[Haskell-cafe] Top-level state debate on the wiki

Jules Bean jules at jellybean.co.uk
Wed Dec 1 16:00:55 EST 2004


On 1 Dec 2004, at 18:29, Ben Rudiak-Gould wrote:
> Here's the page:
>
>    http://haskell.org/hawiki/GlobalMutableState
>

Nice summary.

What I think is missing is an explanation of when you would want this 
feature (and when you wouldn't, more importantly).  Here is the kind of 
platonic dialogue that summarises my limited understanding:

A: I want a global variable x which IO actions f and g can alter. Why 
can't I say x <- newIORef 0::Int at the top level?

B: Why would you? Put the newIORef command at the beginning of your 
main action and pass the reference to f and g. This is much better 
programming practice: you can invoke f and g again on different 
references whenever you want to, useful for debugging and testing.

A: Ah, but this isn't scaleable, is it? What if I have y and z and q 
and r and..... I really don't want f and g to have *that* many 
parameters!

B: That's easy, just wrap them up in a single type. Call it GEnv, if 
you like, for Global Environment. Now all your IO actions just need one 
extra parameter.

A: But the bodies of f and g call many other actions, most of which 
need access to some part of this environment. It's a real pain 
threading the global environment parameter to all of these actions! It 
would be so much simpler to just make them top-level globals!

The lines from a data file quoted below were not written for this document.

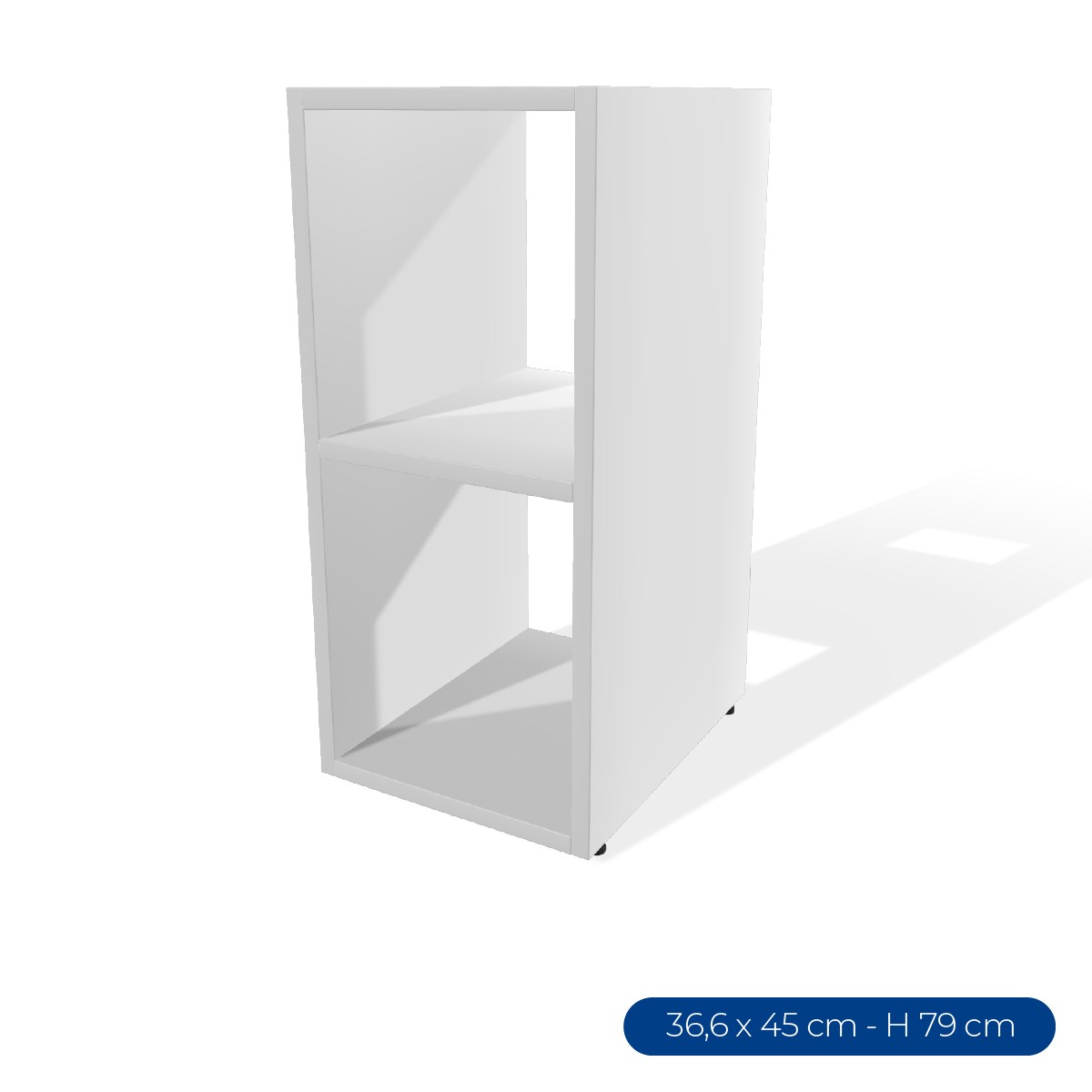 Armadiatura aperta (senza fondo) larga 36,6cm profonda 45cm , altezza con piedini regolabili 78/79cm da terra, dotata della possibilità di aggiungere altri moduli per formare una configurazione di armadiature curve e diritte. In materiale certificato FSC. Prodotto consegnato da montare.
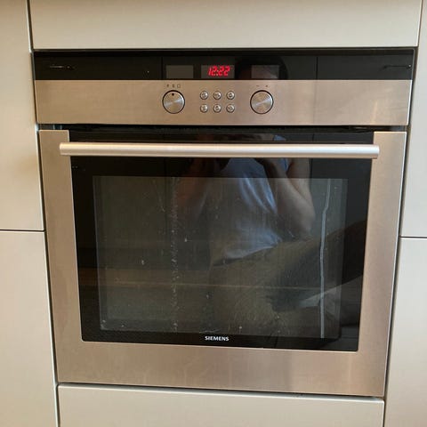Siemens indbygget ovn med varmluftsfunktion. Ovnen har en digital tids- og temperaturvisning samt drejeknapper til indstilling af funktioner. Døren kan åbnes, og der medfølger bageplade og riste. Egnet til bagning og madlavning med varmluft for jævn varmefordeling.
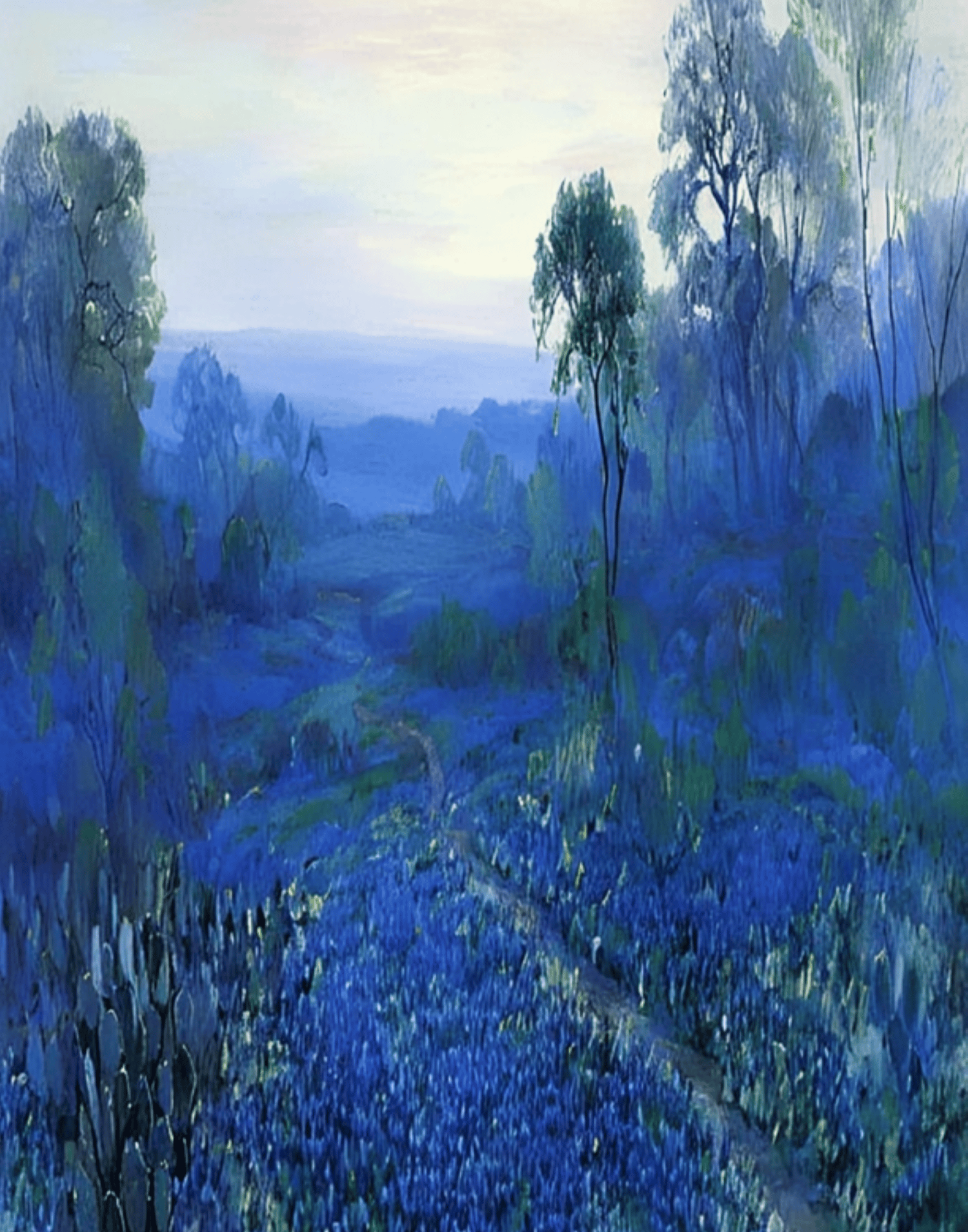 Blue Forest Painting, Vintage Nature Art, Beautiful Nature, Painting
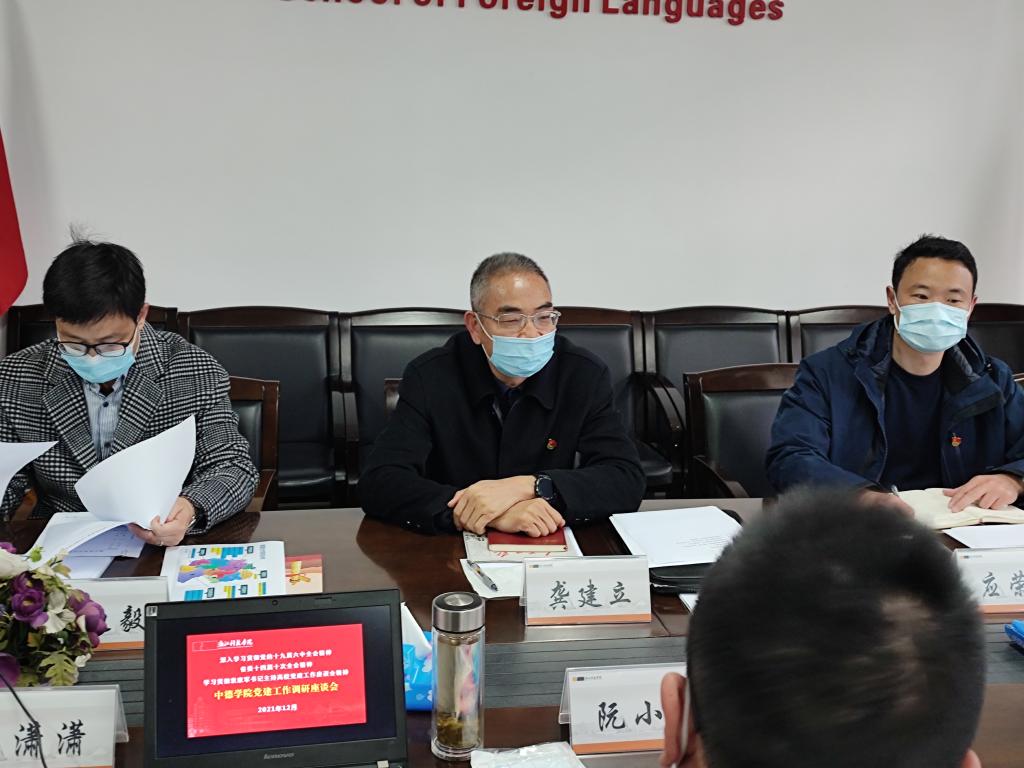 12月14日上午,校党委书记龚建立到三级片 进行党的十九届六中全会精神和省委十四届十次全会精神宣讲,并调研学院的党建工作。 三级片 党委书记阮小波、副院长黄扬、副书记茹潇潇以及师生代表参加会议。学校办公室主任应荣球及办公室成员余迪毅陪同调研。
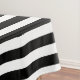 This lovely tablecloth is shown with a modern black and white stripes print design.
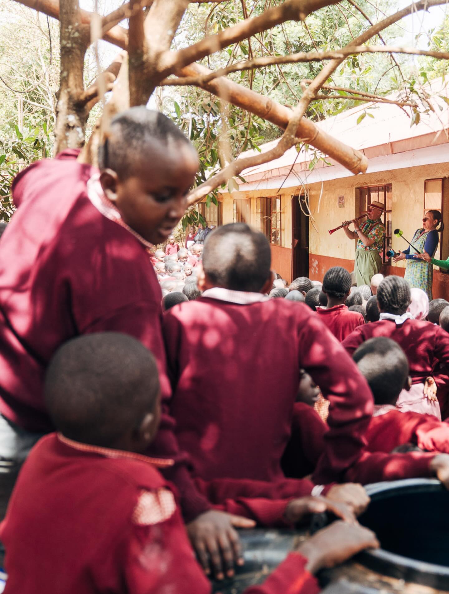 Das Gesetz sehe Schulpflicht und kostenlose Grundschule vor, sagt Francis. In manchen Gegenden gebe es allerings gar keine Schulen, und viele Familien könnten sich den Schulbesuch nicht leisten. Die ACK Thika Memorial Church School wird getragen von der Anglikanischen Kirche, die Eltern zahlen hier umgerechnet rund 1000 Euro Schulgeld pro Jahr. Die Kinder begrüßen uns mit stürmischem Applaus. Sie sind vom Beginn des Auftritts an voll dabei, gehen mit, feuern uns an und fiebern mit. Wir haben nicht das Gefühl, vor einer Masse zu spielen, sondern wir schauen in begeisterte Gesichter.
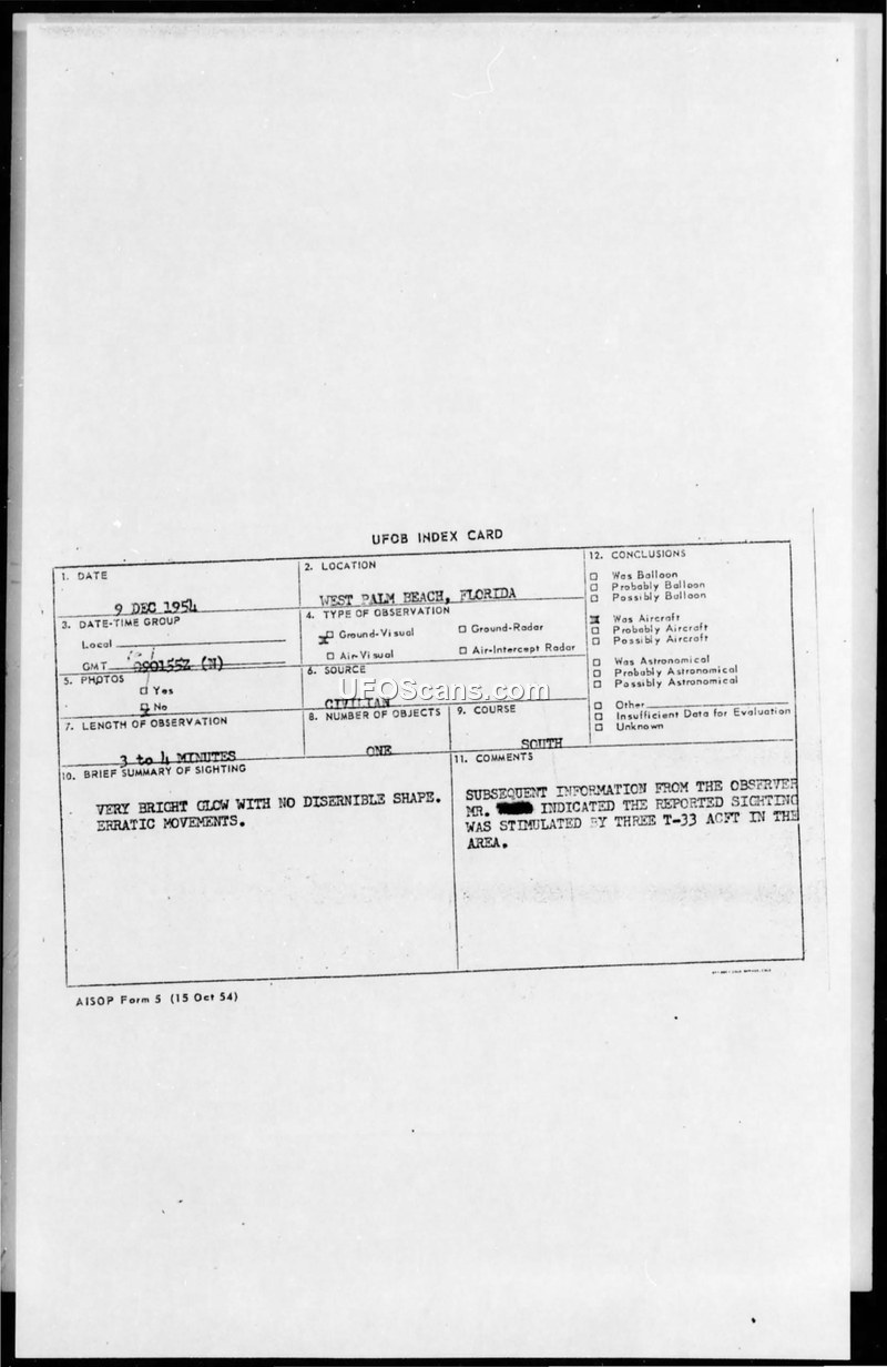 UFOB Index Card — West Palm Beach, Florida, 9 Dec 1954
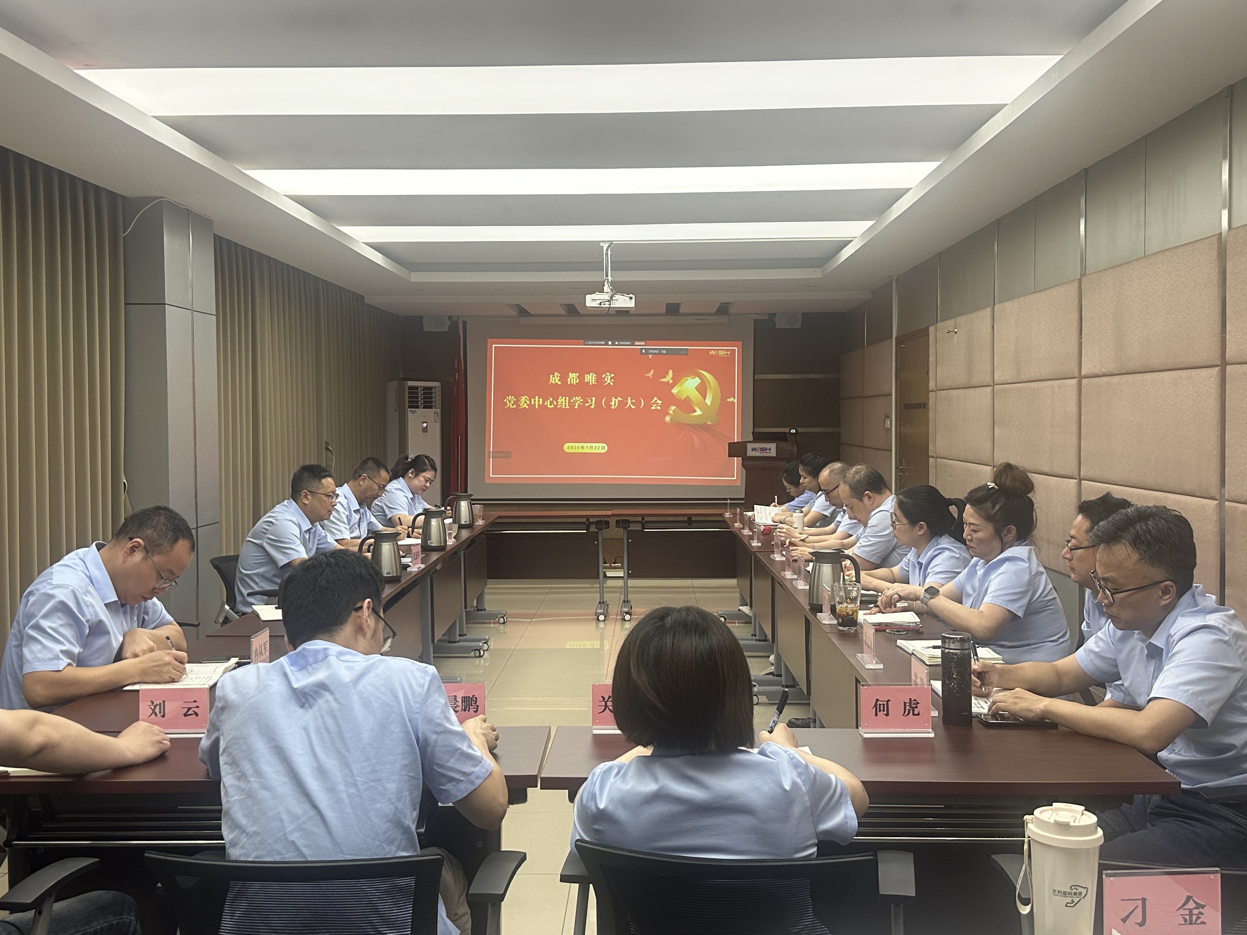 2025年7月22日,成都唯實召開黨委中心組學習(擴大)會,會議由黨委書記、董事長張海軍主持,公司兩委委員、全體管理干部、各黨支部書記及委員、持股公司負責人參加學習。

B: Problem threading parameters? Sounds to me like you want a state 
monad. You know you can use StateT GEnv IO to layer that over IO, 
right? In fact, in many programs you will not even need IORefs any 
more, since the StateT gives you modifiability for free.

[A wanders off muttering...]

[...some time later...]

A: Ah! I've got you now! I'm implementing a module which exports a Map 
interface. It's a pure interface, no IO monads in sight. But, I want to 
implement it with constant-time lookup, so I need a hashing algorithm 
and a mutable hashtable, right?

B: No problem, you should be using the ST monad and STUArray, probably.




....which is to say, that I don't have a very clear idea of when you do 
need it, although I think I have some ideas of when you don't need it. 
The example that I haven't addressed is the 'OS-in-haskell' family of 
examples, which I don't understand clearly enough to summarise.